Семидесятишестимиллиметровые дивизионки, когда получали их, очень понравились Матушкину. Не чета той первой, единственной на всю батарею «хлопушке», что, надрываясь, тащили по песку мерин, гнедая кобыла и два заезженных жеребца. Почти вдвое мощнее и дальнобойнее. А вот щиты новеньких дивизионок Матушкину не понравились — уж больно они были высоки. «Да, с такими, — сокрушался при получении орудий Евтихий Маркович, — враз пропадешь». Долго терзался: как в бою такую колымагу укрыть? Пока, наконец, в одну из счастливых минут не смекнул: а что если побоку щиты? Даже нет, только верхушки щитов? Главный враг у артиллеристов-истребителей не осколки, не пули, а танки. И двадцать самых высоких щитов не спасут, когда танки своей броней прут на орудия, когда бьют по ним прямой наводкой. А так, без верхнего гребня щита пушки от танков легче укрыть. И, никого не послушав тогда, даже вступив поначалу в конфликт с начальством, Матушкин своего добился: нашел в какой-то технической части автоген, пообрезал пушкам щиты, они стали приземистей.

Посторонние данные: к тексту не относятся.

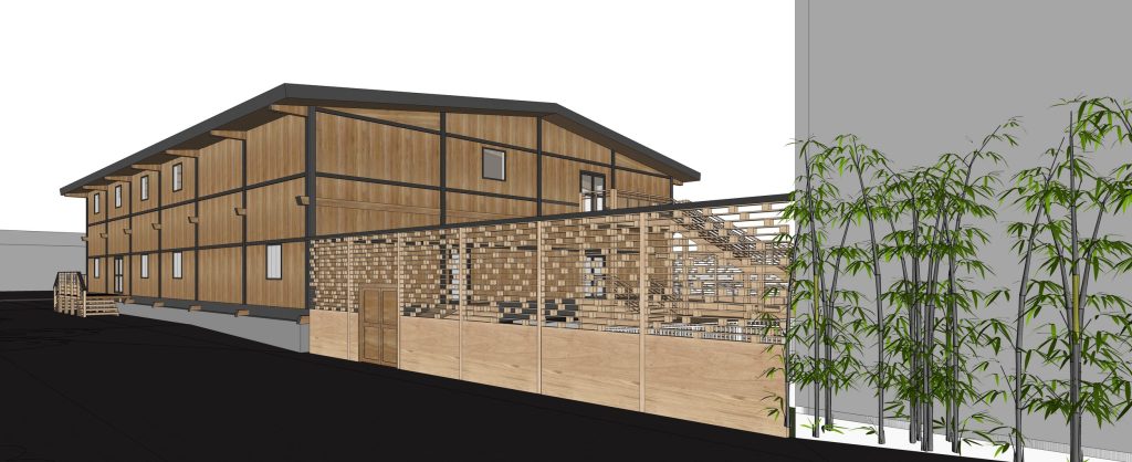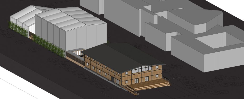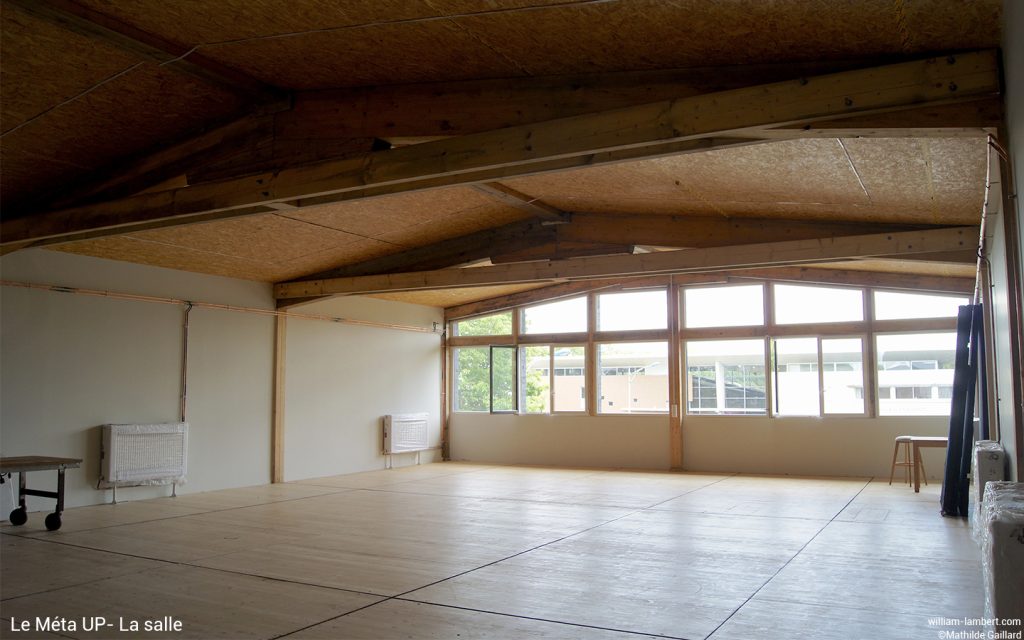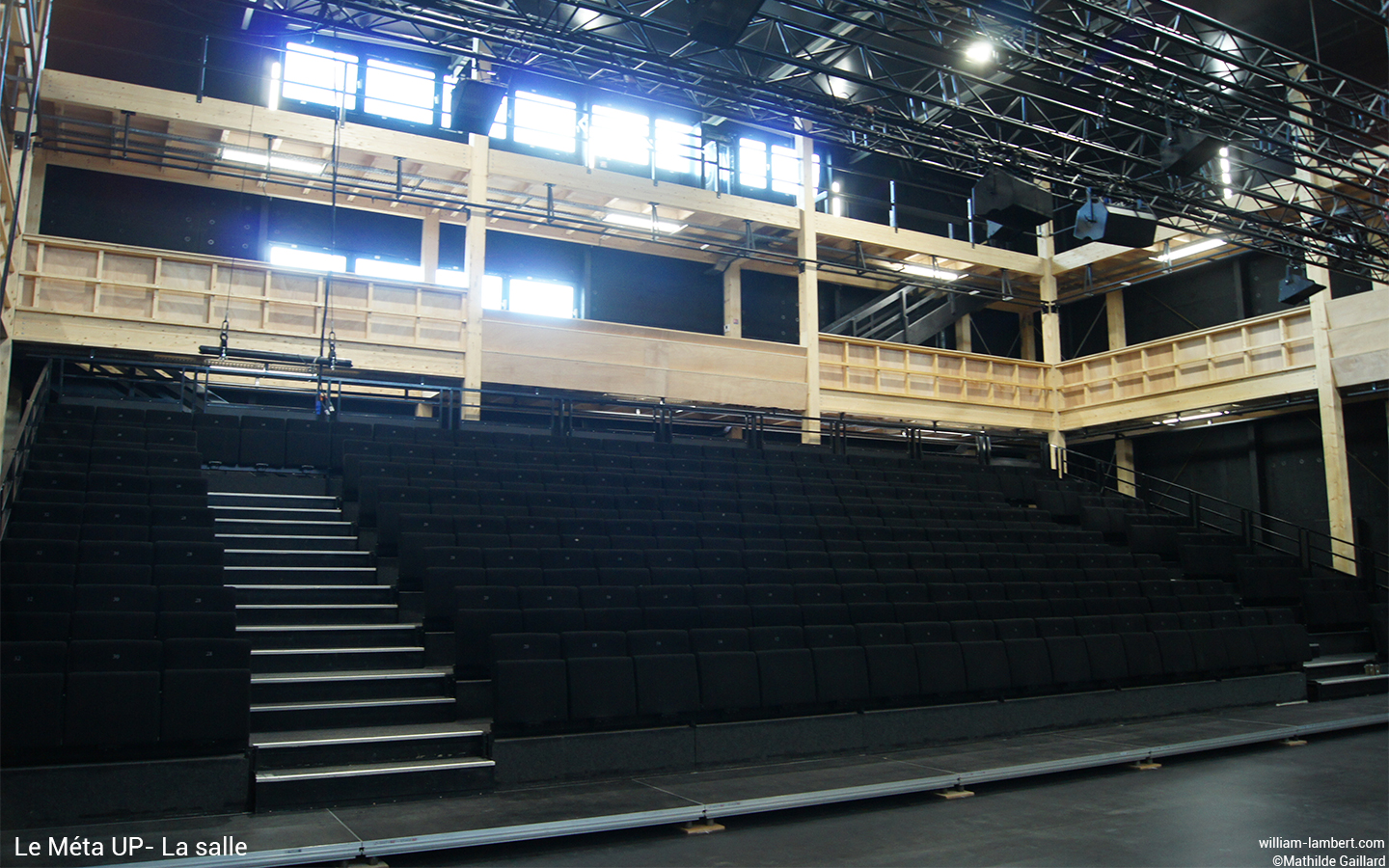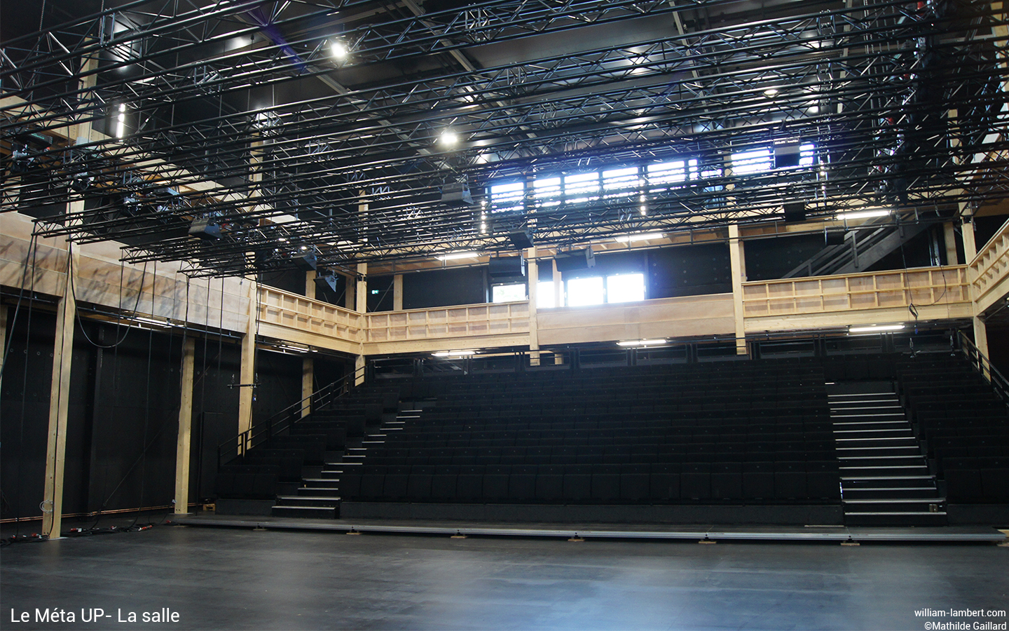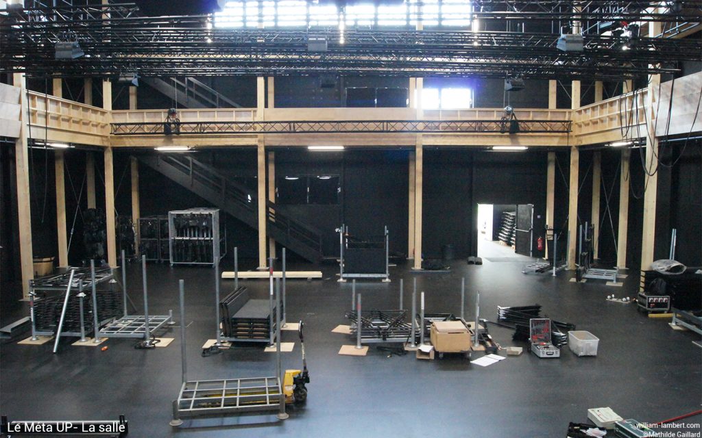 En tant que directeur technique, j’ai accompagné la construction du Méta UP (Centre Dramatique Poitiers Nouvelle Aquitaine). Historiquement, ce C.D.N n’avait pas de salle de spectacle. En partant de l’idée du ré-emploi, du pérenne-éphémère, du démontable-remontable, il a été confié au CDN la maitrise d’ouvrage de ce projet. Accompagné de l’agence Archidev et du cabinet de scénographie Kanju nous avons réalisé à partir de l’ancienne Baraka de Vidy-Lausanne (3 ème vie pour ce bâtiment tout en bois), du théâtre Ephémère d’Annemasse (2 ème vie pour ce bâtiment sans fondation) et d’une troisième structure servant d’atelier de stockage et d’entrée décors, un bâtiment de 2000m2 comprenant :
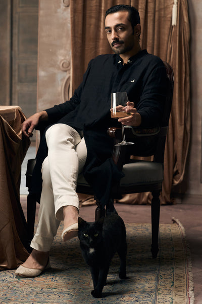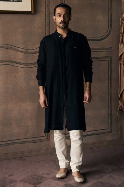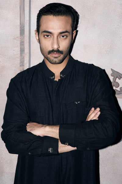 Monochrome doesn't mean monotonous, not when the cut does this much work. The kurta falls to the knee in a straight, uncluttered line that creates a lean vertical column from shoulder to hem. Full sleeves cut slim and taper as they reach your wrist, keeping everything in proportion. A band collar with signature Matsya hardware sits close to your neck, pulling focus upward and giving the neckline a formal edge. The front closes with a concealed placket, so nothing disrupts the clean surface. Panels are worked into the construction, structured just enough to hold the silhouette without adding bulk or stiffness.
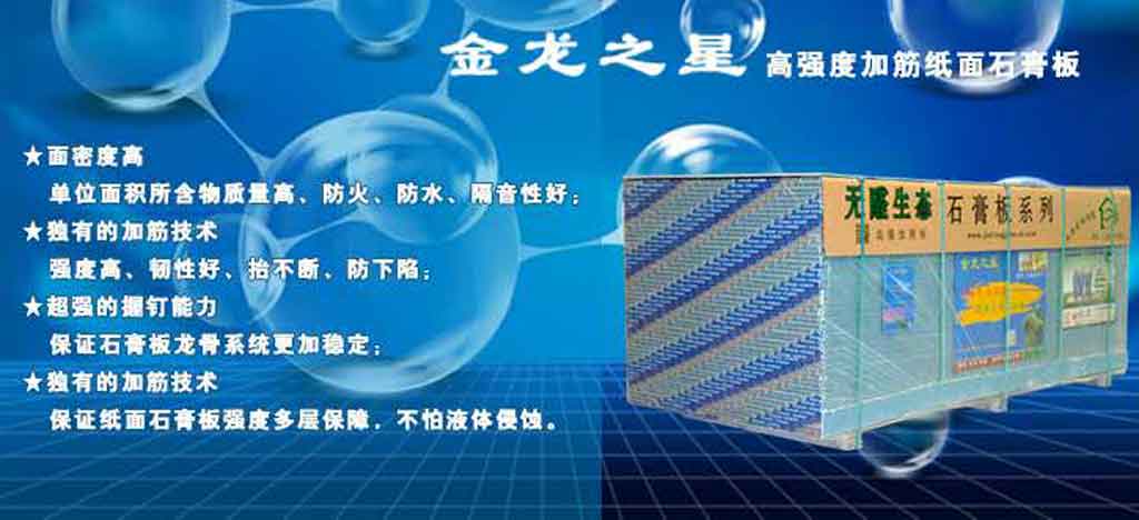 “金龍之星”加筋高強紙面石膏板,采用淡藍色紙面作為護面紙,選用純天然石膏為原來,在傳統工藝上,利用專利技術加入高彈性非金屬纖維網格布,耐久、耐水、不變形。
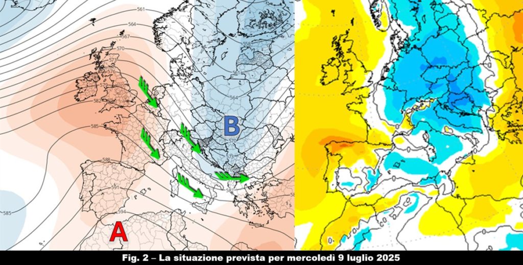 Entro mercoledì 9 luglio, tutta la penisola sarà così attraversata in quota da intense correnti nord-occidentali che completeranno l’ingresso della nuova massa d’aria estendendo la diminuzione della temperatura anche alle regioni meridionali (fig. 2, a destra).
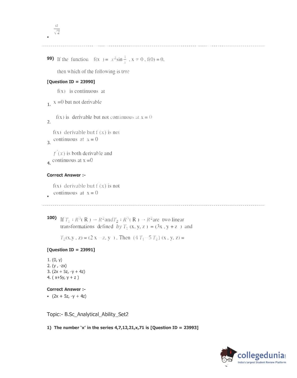 TS ECET 2017 B.Sc Mathematics Question Paper with Answer Key PDFs
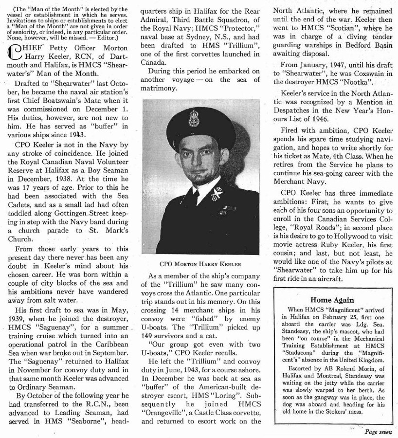 Victoria, then he joined the Canadian Aircraft Carrier, The H.M.C.S. Puncher.
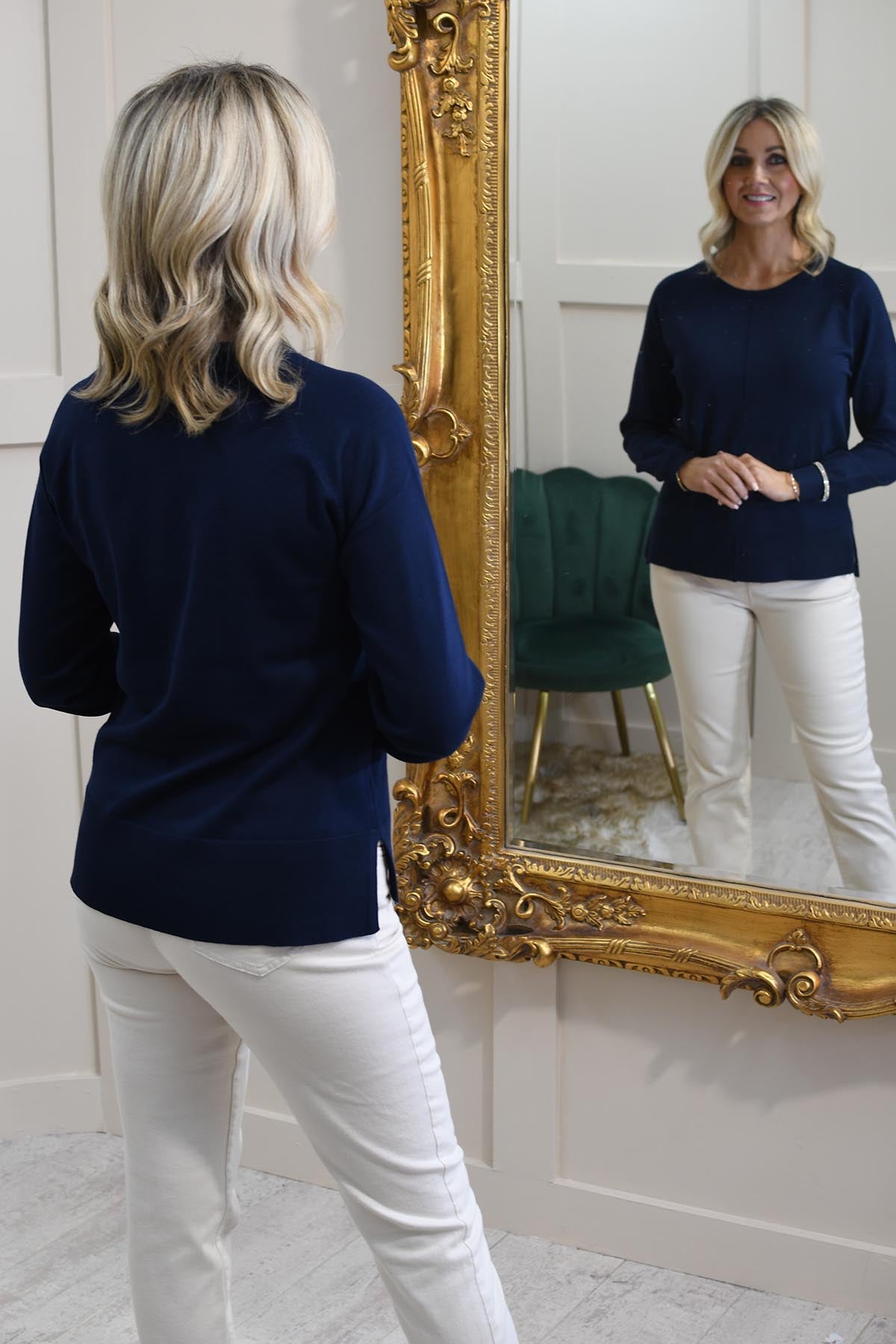 The Sunday Navy Soft Fine Knit Jumper is the perfect blend of elegance and comfort, designed for effortless everyday wear. Crafted from a luxuriously soft fine knit fabric, this jumper offers a lightweight yet cozy feel, making it an ideal layering piece for any season. The classic navy hue ensures versatility, while the flattering fit provides a chic and polished silhouette. Whether paired with tailored trousers for a sophisticated look or dressed down with denim for casual charm, this timeless knit is a must-have wardrobe staple.
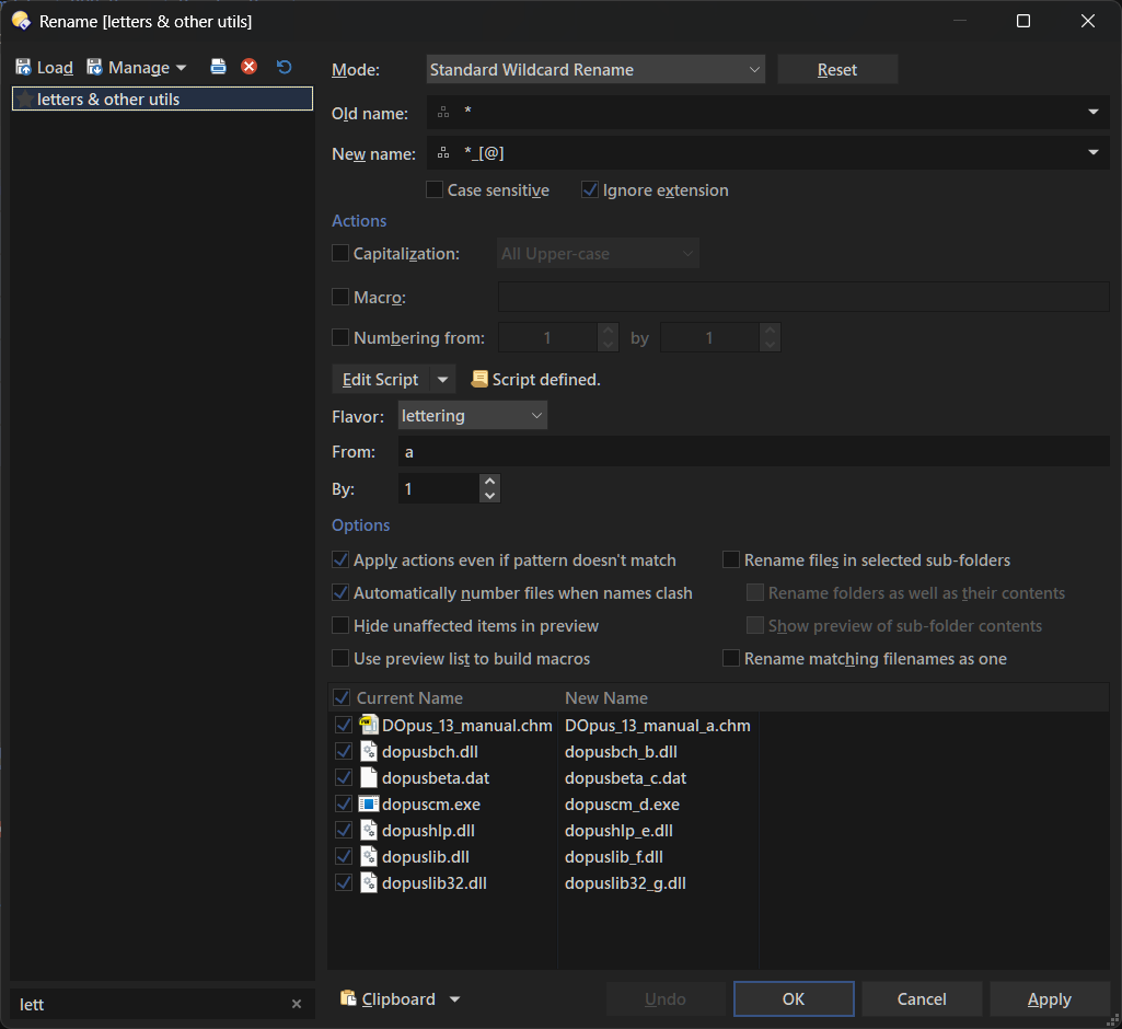 As shown in the attached image, I would like to insert alphabets sequentially into file or folder names using the Rename function.
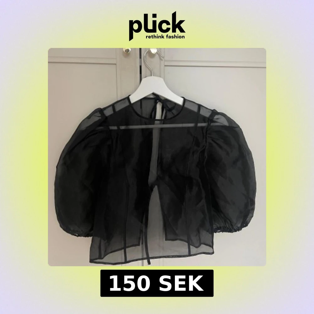 Snygg svart transparent blus med puffiga ärmar och knytning i nacken. Perfekt för en trendig look. Man kan ha ett linne eller topp under blusen eller bara bh 💞
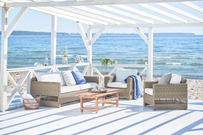 Der Carrie-Loungesessel ist Teil der „Georgia Garden“-Kollektion von Sika-Design, die von der Ästhetik des britischen Kolonialstils und klassischen dänischen Korbmöbeln inspiriert wurde. Das Alu-Rattan-Aluminium und das synthetische ArtFibre-Geflecht verleihen den Möbeln ein rattanähnliches Aussehen. Zudem sind die Möbel pflegeleicht und für alle Wetterbedingungen geeignet. Dank der langlebigen Materialien und des zeitlosen Designs eignet sich die „Georgia Garden“-Kollektion sowohl für private Gärten als auch für öffentliche Außenbereiche.
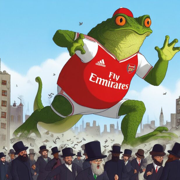 I think you really need to understand and process the gravity of this: the Daily Stormer has an official new mascot. It’s a frog in an Arsenal jersey.
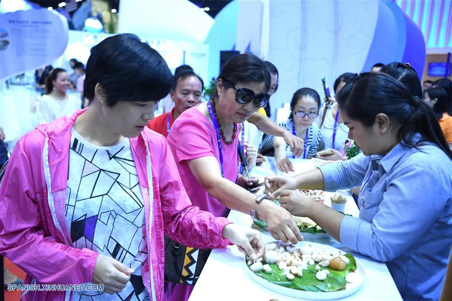 GUANGXI, septiembre 12, 2018 (Xinhua) -- Personas prueban fruta de Tailandia en la sala de exposiciones de la 15 Exposición China-ASEAN (Asociación de Naciones del Sudeste Asiático), en Nanning, capital de la Región Autónoma Zhuang de Guangxi, en el sur de China, el 12 de septiembre de 2018. La 15 Exposición China-ASEAN se inauguró el miércoles en la ciudad sure?a china de Nanning. (Xinhua/Zhou Hua)

«И все же торчат, — сжал плотнее губы таежник. — Еще глубже, глубже надо в землю зарыть, стволы надо положить прямо на брустверы. — Вспомнил, что всяко бывает в бою, оглянулся. Нет, поле от взвода уходило не под уклон, а на подъем, кое-где даже холмилось. Значит, под нижним углом стрелять не придется. — Да, можно прямо на брустверы. Подкрасить. Колеса, щиты, хоботы. Подбелить. Известочка есть. Да и снежком… Все, все вокруг надо присыпать снегом».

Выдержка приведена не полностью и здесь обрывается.